Prospektionen im Ammersee - "Zeugnisse der Fischerei"

Im März 2008 erfolgten im Auftrag des Bayerischen Landesamtes für Denkmalpflege (BLfD) kleinere unterwasserarchäologische Prospektionen im Bereich unklarer Pfahlstellungen vor Dießen am Westufer des Ammersees. In den Ortsakten des BLfD wurden diese als Überreste von Siedlungsspuren unbekannter Zeitstellung interpretiert (Fundstellennummer: 8032/0027). Ein Luftbild von Otto Braasch (Nr. 8132/033) aus dem Jahre 1981 zeigte in direkter Ufernähe mehrere in Parallellage angeordnete Pfahldreiecke. Unter Zuhilfenahme des Luftbildes und moderner Internet-Recherche gelang zunächst eine schnelle Wiederauffindung der Pfahlreste. Unter Wasser präsentierten sich diese als sehr dicht stehende, erodierte Nadelhölzer mit Koniferenansätzen. Auf einem ein Meter langen Abschnitt der Pfahlstellungen konnten innerhalb der Strukturen bis zu 50 (!) Pfähle mit einem Durchmesser von ca. 5 bis 6 Zentimetern gezählt werden.

 

Die Längsseiten der Pfahldreiecke betrugen zwischen 6 und 8 Metern, die Breiten zwischen 50 und 100 Zentimetern.

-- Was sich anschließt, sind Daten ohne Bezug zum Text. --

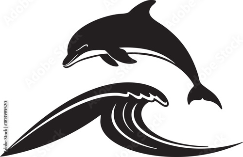 © Sudip, Fototapeta premium Dolphin jumping over ocean wave black silhouette vector logo icon illustration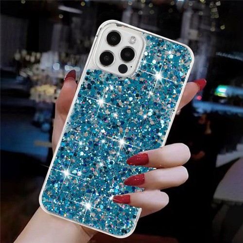 For iPhone 16 Pro Case TPU Drop Protection Epoxy Glittery Sequins Phone Cover – Blue

Eine Holzanalyse am dendrochronologischen Labor Thierhaupten (Bearbeiter: Franz Herzig) zeigte anhand von 3 zufällig ausgewählten Holzproben, dass zur Konstruktion der Pfahlstellungen Fichtenholz (picea abies) verwendet wurde. Aufgrund von nur wenigen Jahrringen (11 bis 17 Stück) gelang leider keine dendrochronologische Datierung der Anlage.

 

Der erste Eindruck der dicht stehenden, dünnen Hölzer mit Astansätzen erinnerte sehr schnell an zaunartige Absperrvorrichtungen, die mit ihren Längsseiten auf die trichterförmigen Enden der Pfahldreiecke zuführten. An den Mündungsenden der Dreiecke konnten auch regelhaft Lücken im dichten Pfahlbestand auf einer Breite von ca. 40 bis 50 Zentimetern beobachtet werden. Eine Interpretation der Pfahldreiecke als Fangkammern und damit als Fischereianlage scheint somit wahrscheinlich. Evtl. wurden im pfahlfreien Bereich der Dreiecksspitzen (= Fangtrichter) Netze bzw. Reusen zum Auffangen der eingetriebenen Fische eingebracht.

 

Die zickzackartige Anordnung der Pfahldreiecke lässt zudem vermuten, dass zu beiden Seiten der Anlage Fischfang betrieben werden konnte, also sowohl für Fische mit Wanderung in Richtung Norden, als auch für Fische mit südlicher Wanderungsroute.

 

Die Interpretation der Dreiecksstellungen als Fischfang-Anlage wird zudem durch konkrete Berichte, wie z. B. über die Fischerei am Chiemsee, unterstützt. Parallelen hinsichtlich Konstruktion und Funktion finden sich u. a. in der wohl mit beeindruckendsten Fischfang-Anlage des Chiemsees, dem sog. Werch von Seebruck. Eine Abbildung aus dem 18. Jahrhundert zeigt das Werch, das dem Ausfluss der Alz und Seebruck mit Kirche und Zwiebelturm vorgelagert ist. Als Großfanganlage wurde es bereits im 15. Jahrhundert erwähnt und führte immer wieder zu Streitigkeiten zwischen seinem Betreiber, dem Kloster Frauenchiemsee, und den Flussfischern der Alz, die sich in ihrem Fangerfolg durch das vorgelagerte Sperrwerk beeinträchtigt sahen. Die Abbildung erinnert überdeutlich an die Anlage des Ammersees mit seinen dreiecksförmigen Pfahlstellungen und den eingebrachten Reusen an deren Zwangsöffnungen. Dass mit weiteren Fischfanganlagen am Ammersee - auch in nächster Nähe - gerechnet werden muss, zeigen Sidescan-Aufnahmen, die nur wenige hundert Meter nördlich der dokumentierten Anlage weitere dreiecksförmige Pfahlstellungen zeigen.

 

 

Tobias Pflederer

 

 

Literatur:

P. Höfling, Die Chiemsee-Fischerei. Beiträge zu ihrer Geschichte (München 1987). Insb. S. 118 ff.